The specific plans for its improvement have been developed by a small body of public-spirited citizens, but they are simply that great urban democracy thinking and speaking, trying to express itself. It has developed with less interference or compulsion on the part of the State than any other great city of America, and now it is moving voluntarily to the noblest as well as the most practical of improvements.

Under like leading it built the "White City," the ephemeral city of the World's Fair, in the celebration of the four-hundredth anniversary of the discovery of America, and that splendid achievement of the black, unkempt city back of it gave first hint, in the co-operation that made this possible, of what a community could do and at the same time gathered to it the teaching of the older cities of the earth from their long striving for the city beautiful.

The city provides its own water-supply, it lights its streets, it has recently acquired control of its street-car lines, and every passenger is notified as a shareholder that 55 per cent of the profits comes into the city treasury. And now under this inspiration and yet of its own will it has begun a transformation of itself into the likeness of what it dreamed in those evanescent buildings and courts and columns and statues and frescoes out by the opalescent waters of its sea. It saw the reflection of that "White City" in the lake and then the image of its own workaday face —and it has not forgotten what manner of city it was.

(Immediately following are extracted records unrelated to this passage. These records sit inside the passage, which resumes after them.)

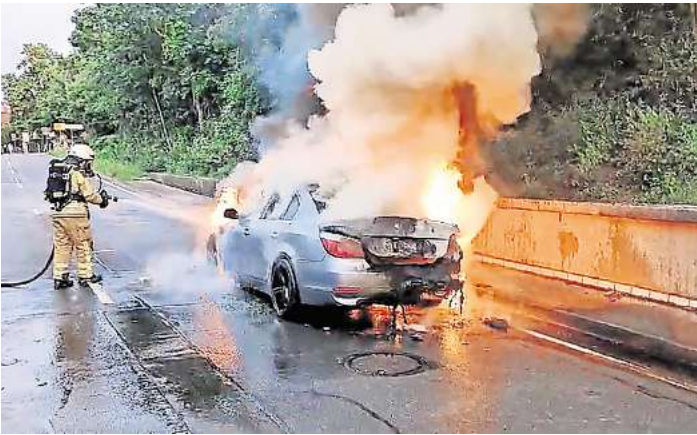
Mit Atemschutz: Die Feuerwehr Langenhagen hat einen Brand in einem Auto gelöscht.

Ein Trupp löschte das Auto durch einen sogenannten Schnellangriff. Insgesamt zwölf Einsatzkräfte der Freiwilligen Feuerwehr, ein Streifenwagen der Polizei, sowie Mitarbeitende der Firma Vieker und der Stadt-entwässerung waren vor Ort. Das Löschen des Brandes und die an-schließenden Aufräumarbeiten dauerten etwa drei Stunden lang, für diesen Zeitraum musste die Godshorner Straße gesperrt werden. Wie es zu dem Brand am Auto gekommen war, ist noch nicht klar.
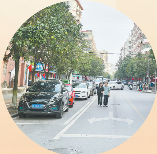
鹰潭市月湖区解放路一角。
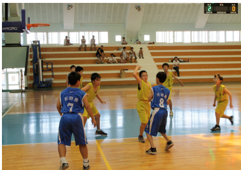
本校籃球隊選手於縣運比賽總決賽中奮力一戰。
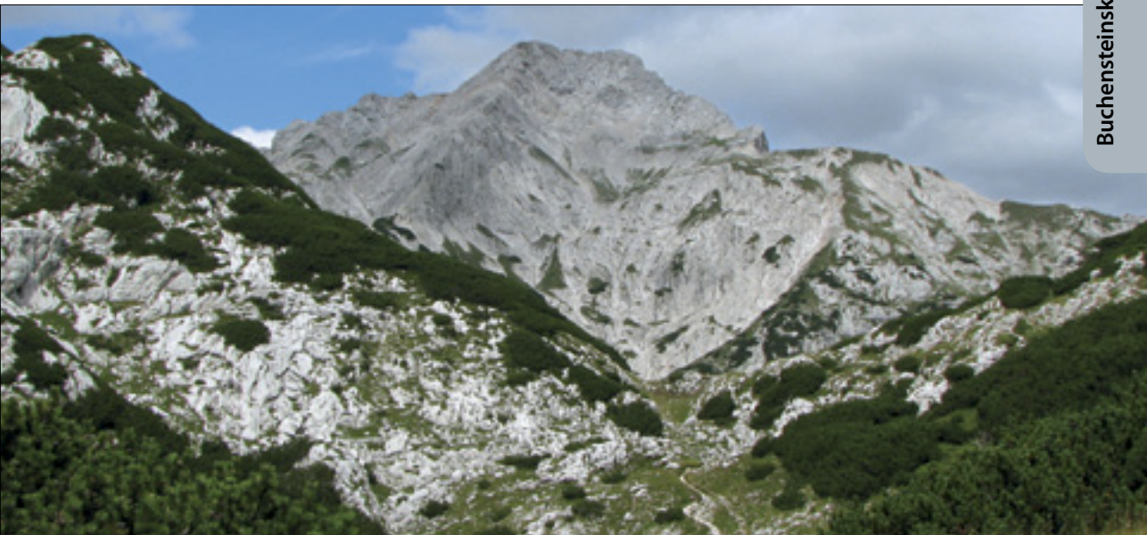
Schlernski apnenci gradijo ostenja Ojstrice. Schlern limestones build massifs of Mt Ojstrice.

Proti jugozahodu se plasti nadaljujejo po policalah proti Križevniku.
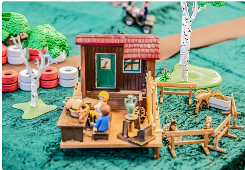
4 A la campagne 1bis 081219.jpg
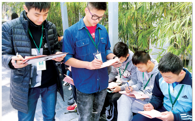
創意寫作班——「紙飛機」
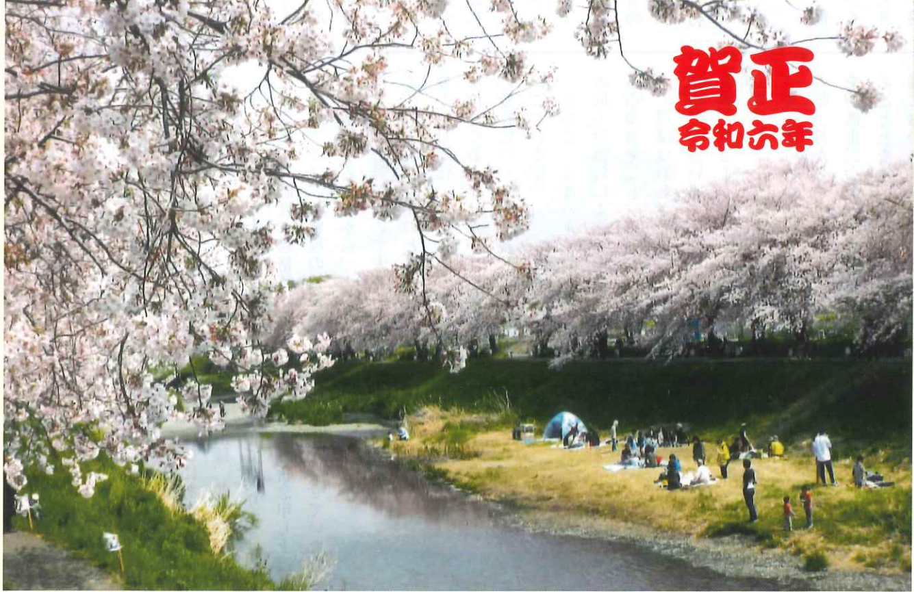
朝霞市「黒目川桜堤」
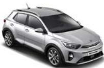
Silky Silver (4SS) metallic
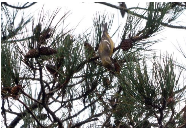
Fig. 22. — Bec-croisé bifascié ( Loxia pytyopsittacus ) Savennières, 13 novembre 2013.

Savennières : 10 au 15 novembre, 1 femelle, bois du Ricohet (D. et P. Bizien et al. , in KAYSER, VERNEAU, CHN, 2015, fig. 22 ).

Remember again that what is and what is promised have come in a lifetime. Walking in the streets of that city early one morning a few years ago, as the trains were emptying the throngs who sleep outside along the lake and out on the prairie, into the canyons made by its tall buildings, I found myself immediately behind a robust old man, a civil engineer, who was born before Chicago had a hundred inhabitants. He was much older than the city whose buildings now reach out miles from the lake (one of its streets thirty-two miles long) and thirty and forty stories into the air. One hundred years ago it was the French wilderness untouched. Eighty years ago most of its citizens bore French names. The portage path has literally yielded a harvest of streets.